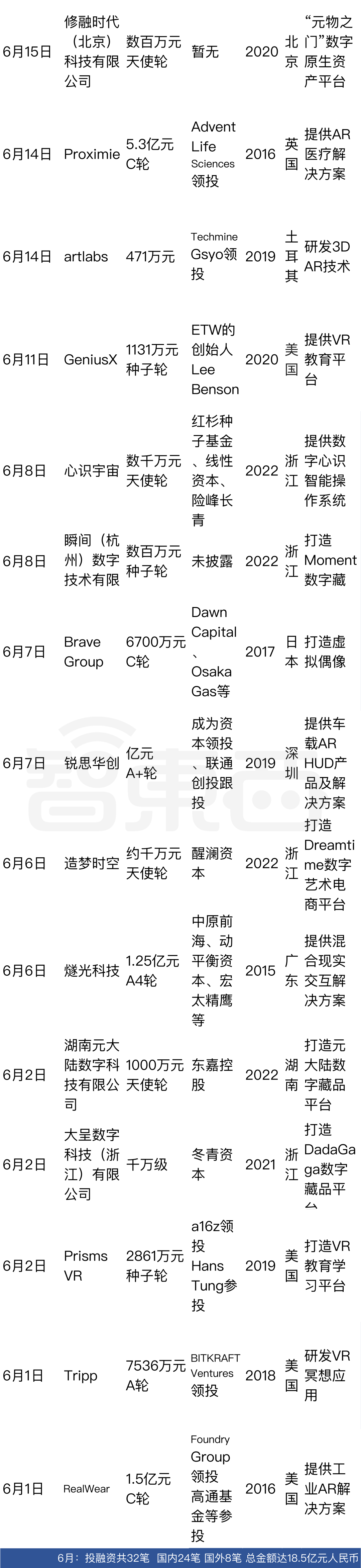 同時,底層技術賽道和游戲賽道也分別獲得了15筆、14筆融資,分別占比12.7%、11.9%。此外,硬件賽道也獲得了12筆融資,占比10.2%。統計2022年上半年數據后,我們可看到解決方案商、底層技術研發商、游戲方案商成為了元宇宙領域最受關注的三類企業。這意味著在商業落地、產品研發和內容生態三大領域,逐漸有更多的廠商的技術和商業模式得到了市場的認可。像是英國AR遠程手術平臺提供商Proximie獲得5.7億元C輪融資;國內元宇宙數字整合營銷解決方案商愛化身獲得千萬元融資;美國VR培訓解決方案商STRIVR和Transfer VR均獲得約2.3億元B輪融資。![]()
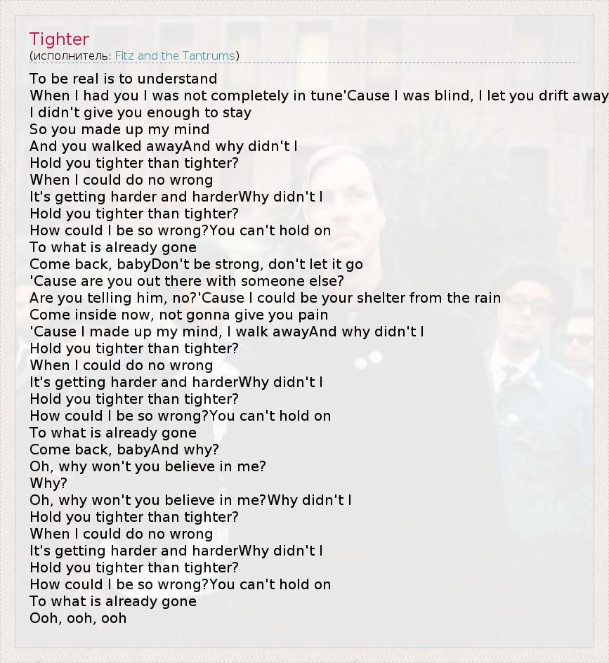 А как ты думаешь, о чем песня "Tighter" ?
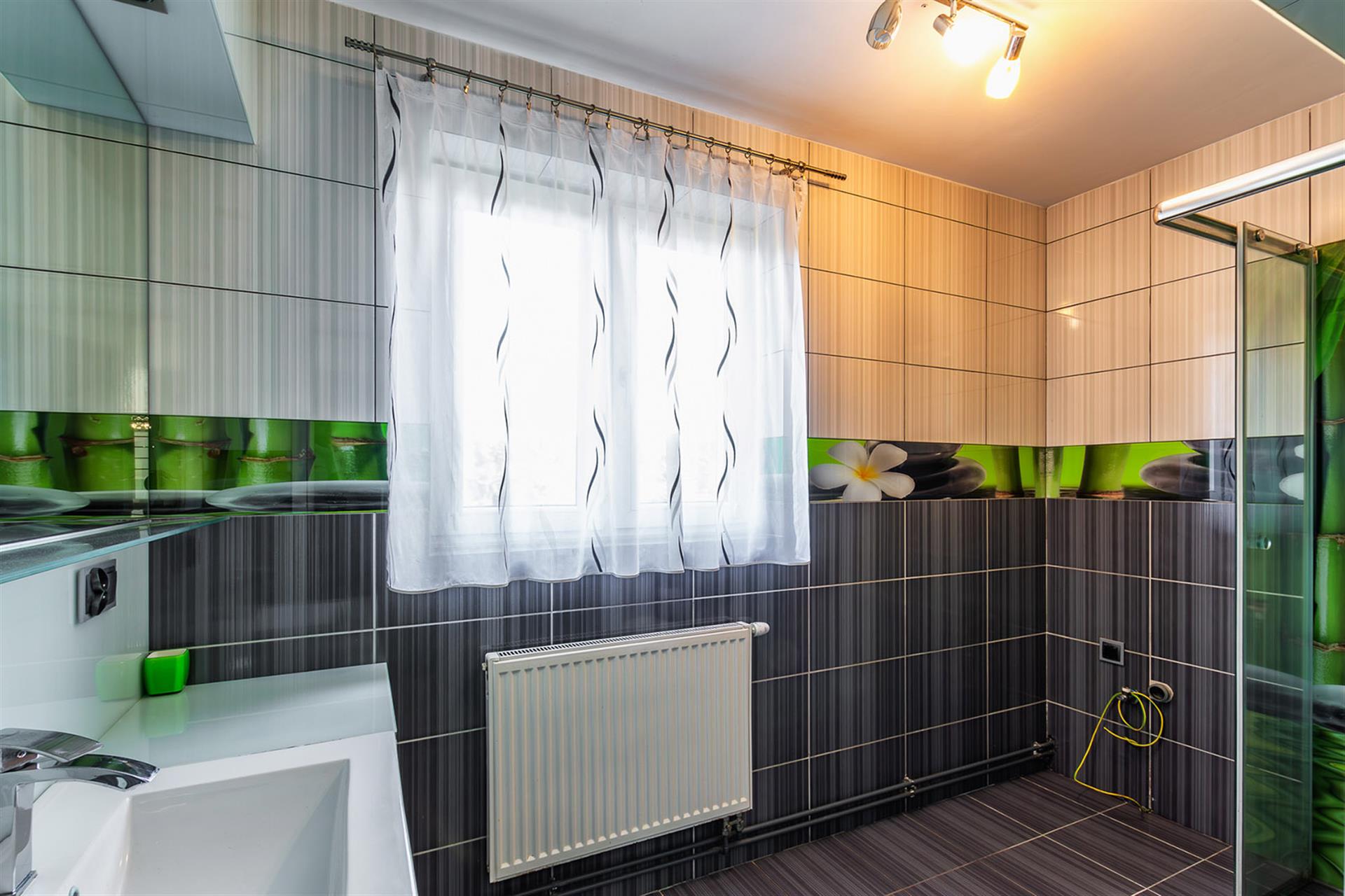 Parter składa się z dużego salonu z kominkiem, przestronnej kuchni, pokoju i łazienki z kabiną prysznicową.
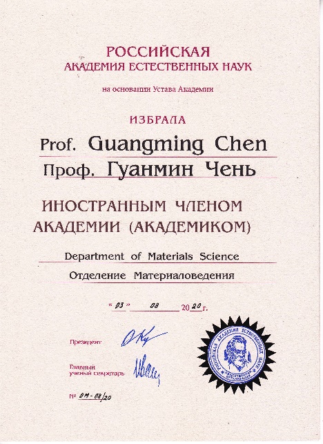 近日,俄罗斯自然科学院(Russian Academy of Natural Sciences,RAEN)向我校材料学院陈光明教授发来贺信,祝贺他当选为俄罗斯自然科学院外籍院士。 陈光明教授现任芒果体育特聘教授,长期从事聚合物纳米复合材料、有机/无机复合热电材料与柔性器件等研究。陈光明教授2017年当选英国皇家化学会Fellow,曾获European Advanced Materials Award和北京市科学技术奖二等奖等奖励或荣誉,担任/曾任Nano-Micro Letters期刊编委、...
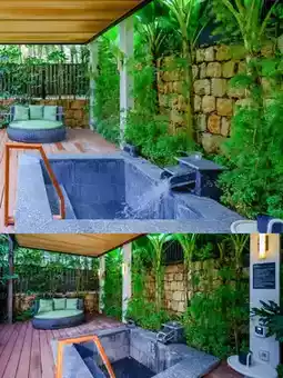 ✨ There is a private hot spring pool in the yard. The warm spring water instantly wraps around your body, and the rising steam is so warm and comfortable.

▸ WHAT TO PRODUCE
Transcribe everything above exactly. Do not include the pictures.

▸ RESULT OF THIS EXERCISE
 同時,底層技術賽道和游戲賽道也分別獲得了15筆、14筆融資,分別占比12.7%、11.9%。此外,硬件賽道也獲得了12筆融資,占比10.2%。統計2022年上半年數據后,我們可看到解決方案商、底層技術研發商、游戲方案商成為了元宇宙領域最受關注的三類企業。這意味著在商業落地、產品研發和內容生態三大領域,逐漸有更多的廠商的技術和商業模式得到了市場的認可。像是英國AR遠程手術平臺提供商Proximie獲得5.7億元C輪融資;國內元宇宙數字整合營銷解決方案商愛化身獲得千萬元融資;美國VR培訓解決方案商STRIVR和Transfer VR均獲得約2.3億元B輪融資。![]()
 А как ты думаешь, о чем песня "Tighter" ?
 Parter składa się z dużego salonu z kominkiem, przestronnej kuchni, pokoju i łazienki z kabiną prysznicową.
 近日,俄罗斯自然科学院(Russian Academy of Natural Sciences,RAEN)向我校材料学院陈光明教授发来贺信,祝贺他当选为俄罗斯自然科学院外籍院士。 陈光明教授现任芒果体育特聘教授,长期从事聚合物纳米复合材料、有机/无机复合热电材料与柔性器件等研究。陈光明教授2017年当选英国皇家化学会Fellow,曾获European Advanced Materials Award和北京市科学技术奖二等奖等奖励或荣誉,担任/曾任Nano-Micro Letters期刊编委、...
 ✨ There is a private hot spring pool in the yard. The warm spring water instantly wraps around your body, and the rising steam is so warm and comfortable.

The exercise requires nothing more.